• **Your assignment**
Type out the lines below exactly, from the first through the line holding "(1) 8分 刀术 600万枚", and include no pictures.

• **Data excerpt**
- - - - - - -

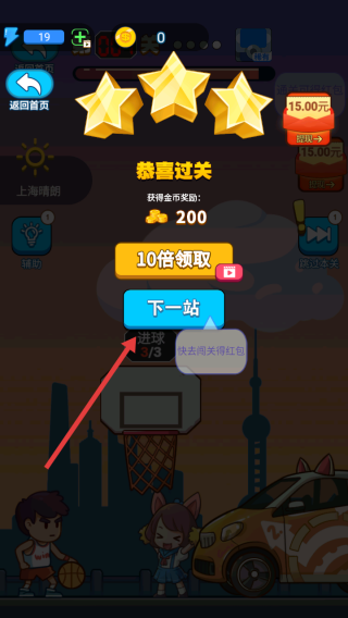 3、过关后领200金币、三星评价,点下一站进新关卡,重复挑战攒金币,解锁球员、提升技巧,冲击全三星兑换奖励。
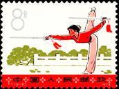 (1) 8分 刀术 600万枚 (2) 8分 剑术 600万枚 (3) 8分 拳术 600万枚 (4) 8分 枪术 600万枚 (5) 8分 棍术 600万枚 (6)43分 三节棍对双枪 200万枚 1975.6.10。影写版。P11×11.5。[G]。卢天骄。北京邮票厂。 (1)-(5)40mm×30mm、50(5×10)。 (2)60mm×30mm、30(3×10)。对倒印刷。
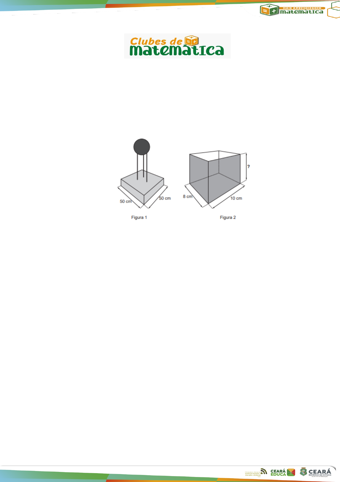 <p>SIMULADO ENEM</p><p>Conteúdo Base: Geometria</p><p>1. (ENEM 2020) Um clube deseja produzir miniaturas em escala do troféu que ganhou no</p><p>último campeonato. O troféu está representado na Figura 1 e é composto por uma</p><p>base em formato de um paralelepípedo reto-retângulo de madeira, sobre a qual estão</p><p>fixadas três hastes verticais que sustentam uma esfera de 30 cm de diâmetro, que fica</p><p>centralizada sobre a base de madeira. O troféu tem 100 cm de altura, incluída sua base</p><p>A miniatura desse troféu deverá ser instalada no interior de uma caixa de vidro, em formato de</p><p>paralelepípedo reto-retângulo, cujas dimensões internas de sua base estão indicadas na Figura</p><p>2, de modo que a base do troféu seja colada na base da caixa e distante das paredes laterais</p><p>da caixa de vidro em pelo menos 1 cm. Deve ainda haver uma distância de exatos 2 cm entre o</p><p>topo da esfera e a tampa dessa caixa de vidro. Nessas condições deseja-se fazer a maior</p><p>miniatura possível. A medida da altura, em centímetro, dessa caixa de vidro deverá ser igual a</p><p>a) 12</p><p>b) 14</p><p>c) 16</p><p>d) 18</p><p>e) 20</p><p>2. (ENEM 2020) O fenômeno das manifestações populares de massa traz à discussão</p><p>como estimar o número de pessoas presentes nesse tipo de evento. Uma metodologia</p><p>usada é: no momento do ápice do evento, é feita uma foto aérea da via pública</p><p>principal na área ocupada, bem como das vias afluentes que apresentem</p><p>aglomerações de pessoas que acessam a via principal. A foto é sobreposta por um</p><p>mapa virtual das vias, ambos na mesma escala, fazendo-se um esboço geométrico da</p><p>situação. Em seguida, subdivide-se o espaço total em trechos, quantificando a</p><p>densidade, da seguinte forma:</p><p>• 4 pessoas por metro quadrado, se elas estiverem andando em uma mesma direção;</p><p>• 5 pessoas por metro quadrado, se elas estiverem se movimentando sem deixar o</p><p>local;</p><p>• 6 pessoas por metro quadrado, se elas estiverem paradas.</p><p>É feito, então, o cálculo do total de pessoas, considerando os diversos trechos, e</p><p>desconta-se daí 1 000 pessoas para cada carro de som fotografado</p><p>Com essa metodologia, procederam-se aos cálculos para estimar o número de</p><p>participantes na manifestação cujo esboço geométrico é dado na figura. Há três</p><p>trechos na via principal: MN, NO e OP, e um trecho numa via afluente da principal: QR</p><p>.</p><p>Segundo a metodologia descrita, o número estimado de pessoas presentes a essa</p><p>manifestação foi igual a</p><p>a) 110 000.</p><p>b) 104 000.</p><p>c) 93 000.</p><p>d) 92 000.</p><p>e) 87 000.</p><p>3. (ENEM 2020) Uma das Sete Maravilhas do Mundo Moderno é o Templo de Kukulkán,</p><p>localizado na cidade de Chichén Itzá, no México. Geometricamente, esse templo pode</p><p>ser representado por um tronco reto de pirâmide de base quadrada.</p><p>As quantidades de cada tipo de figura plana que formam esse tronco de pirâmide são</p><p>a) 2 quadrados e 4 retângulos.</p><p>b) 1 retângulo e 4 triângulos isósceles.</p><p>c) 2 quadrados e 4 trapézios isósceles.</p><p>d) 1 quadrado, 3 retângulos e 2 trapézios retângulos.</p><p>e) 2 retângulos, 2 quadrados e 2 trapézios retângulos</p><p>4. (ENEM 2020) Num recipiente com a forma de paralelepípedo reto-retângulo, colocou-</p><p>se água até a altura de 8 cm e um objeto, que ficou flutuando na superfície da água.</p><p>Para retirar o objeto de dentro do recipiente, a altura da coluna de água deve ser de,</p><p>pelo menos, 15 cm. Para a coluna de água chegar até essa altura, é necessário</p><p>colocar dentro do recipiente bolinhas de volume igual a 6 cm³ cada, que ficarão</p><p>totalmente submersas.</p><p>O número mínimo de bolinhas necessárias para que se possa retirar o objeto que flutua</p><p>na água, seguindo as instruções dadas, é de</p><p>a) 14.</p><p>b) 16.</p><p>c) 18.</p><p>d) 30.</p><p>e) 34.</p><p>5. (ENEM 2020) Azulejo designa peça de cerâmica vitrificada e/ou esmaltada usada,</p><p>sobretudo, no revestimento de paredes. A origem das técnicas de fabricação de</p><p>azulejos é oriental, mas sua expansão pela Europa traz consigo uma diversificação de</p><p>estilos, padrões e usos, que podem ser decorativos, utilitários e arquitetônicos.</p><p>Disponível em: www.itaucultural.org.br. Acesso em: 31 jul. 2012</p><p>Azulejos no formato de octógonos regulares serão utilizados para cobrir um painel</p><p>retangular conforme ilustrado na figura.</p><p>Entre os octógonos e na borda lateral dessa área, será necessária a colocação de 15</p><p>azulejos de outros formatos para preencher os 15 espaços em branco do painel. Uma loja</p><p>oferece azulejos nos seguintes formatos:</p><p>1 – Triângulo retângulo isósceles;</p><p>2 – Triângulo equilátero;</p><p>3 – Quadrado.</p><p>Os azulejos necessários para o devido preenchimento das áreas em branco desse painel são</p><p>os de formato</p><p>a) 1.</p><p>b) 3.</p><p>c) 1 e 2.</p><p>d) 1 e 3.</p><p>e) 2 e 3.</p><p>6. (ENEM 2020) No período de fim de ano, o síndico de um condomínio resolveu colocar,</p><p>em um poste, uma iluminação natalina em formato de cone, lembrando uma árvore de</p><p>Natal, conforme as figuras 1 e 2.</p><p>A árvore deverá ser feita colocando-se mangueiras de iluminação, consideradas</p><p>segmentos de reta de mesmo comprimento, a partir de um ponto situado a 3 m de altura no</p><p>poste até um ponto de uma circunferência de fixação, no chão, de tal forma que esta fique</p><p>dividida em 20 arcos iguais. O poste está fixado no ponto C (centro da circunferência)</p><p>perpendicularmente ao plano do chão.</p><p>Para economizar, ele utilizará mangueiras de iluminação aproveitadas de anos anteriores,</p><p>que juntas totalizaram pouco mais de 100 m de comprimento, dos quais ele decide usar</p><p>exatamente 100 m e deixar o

- - - - - - -

• **Output of the exercise**
 3、过关后领200金币、三星评价,点下一站进新关卡,重复挑战攒金币,解锁球员、提升技巧,冲击全三星兑换奖励。
 (1) 8分 刀术 600万枚 (2) 8分 剑术 600万枚 (3) 8分 拳术 600万枚 (4) 8分 枪术 600万枚 (5) 8分 棍术 600万枚 (6)43分 三节棍对双枪 200万枚 1975.6.10。影写版。P11×11.5。[G]。卢天骄。北京邮票厂。 (1)-(5)40mm×30mm、50(5×10)。 (2)60mm×30mm、30(3×10)。对倒印刷。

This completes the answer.